La bioarchéologie s’est développée à partir de l’idée selon laquelle il existe une essence irréductible qui permet de classer les êtres humains dans l’une ou l’autre des deux catégories de sexe : mâle ou femelle (Brumfiel et Robin, 2008). Cette idée décrit ce que l’on appelle l’essentialisme sexuel. Ces deux catégories de sexe seraient par ailleurs mutuellement exclusives et exhaustives, en ce sens que la morphologie humaine se présenterait essentiellement selon une forme typiquement femelle (p. ex. bassin et hanches larges, seins, vagin, utérus, etc.) ou mâle (p. ex. épaules larges, mâchoire carrée, pénis, testicules, etc.). C’est ce que l’on appelle le dimorphisme sexuel (Fausto-Sterling, 2000; Kessler et McKenna, 1978a).

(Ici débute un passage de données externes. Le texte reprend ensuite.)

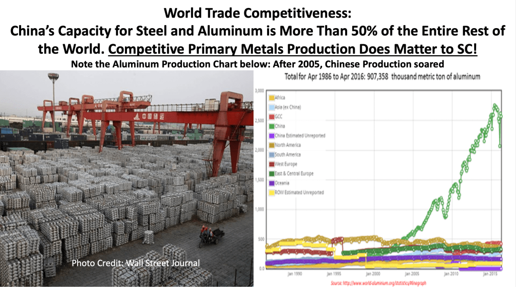 I used the figure above in a recent presentation to our Hilton Head Rotary Club to discuss the “Importance of Reasonable Cost, Reliable Energy and Electricity to South Carolina”. In SC about one third of our electricity is used for the production of primary metals. Namely, steel and aluminum. The NUCOR Steel and Century Aluminum plants are amongst the state’s largest employers. The steel and aluminum is important for American manufacturing. Reasonable cost, clean energy is required for America’s steel and aluminum manufacturers to compete with China. In previous posts I have shown China’s rise in manufacturing since 2001 where they now produce over 50% of the entire world production of steel and aluminum. It is important that America keeps production of primary metals within our borders not only to provide jobs and a thriving economy but also for National Security. Yes, in America, we have proven that when we work together, we can have it all! Economic prosperity, Made in U.S.A. products and clean air and clean water too!

Cette conception du sexe a à voir avec la perception d’une complémentarité des corps dans les processus de reproduction humaine (Kessler et McKenna, 1978a). Alors que les femelles font croître de nouveaux êtres humains dans leur utérus, accouchent et allaitent, les mâles fournissent les spermatozoïdes. Or, il existe quantité de variations à cette « grande vérité » :

  • des personnes ayant des chromosomes XY et un vagin (Kessler et McKenna, 1978a);
  • des personnes ayant un pénis qui n’ont de relations sexuelles qu’avec d’autres personnes ayant un pénis (Weeks, 2014);
  • des personnes ayant deux chromosomes X, des trompes utérines, des ovaires, un utérus, et aussi un pénis et un scrotum (Fausto-Sterling, 2000);
  • des personnes infertiles;
  • etc.

Aussi les corps reproducteurs sont-ils peut-être complémentaires et mutuellement exclusifs, mais en dehors des activités purement reproductives, les corps ont une existence qui ne dépend pas de leurs fonctions génésiques.

Pourtant, c’est sur la base de ces fonctions que les corps sont catégorisés, et ce, en dépit des incohérences du modèle à deux sexes et deux genres, et même si les organes reproducteurs sont parfois absents ou non fonctionnels (Kessler et McKenna, 1978a).

Dans une perspective de dimorphisme sexuel, le corps d’un individu révélera à laquelle des deux catégories de sexe il appartient. Or, l’idée ne s’arrête pas là. Être un individu mâle impliquerait une place sociale et un rôle social différents de ceux d’un individu femelle. Cet aspect social du sexe est fréquemment désigné par le concept de genre (Kessler et McKenna, 1978a). Un individu mâle aurait ainsi un genre masculin; il serait un homme. Un individu femelle aurait un genre féminin; il s’agirait d’une femme. Le sexe serait donc naturel, corporel, inné, et le genre serait social, culturel, construit. C’est une perspective qui voit une binarité entre le sexe et le genre, proposant l’équation « sexe => genre ». Le genre découlerait du sexe; le sexe déterminerait le genre (Claassen, 1992).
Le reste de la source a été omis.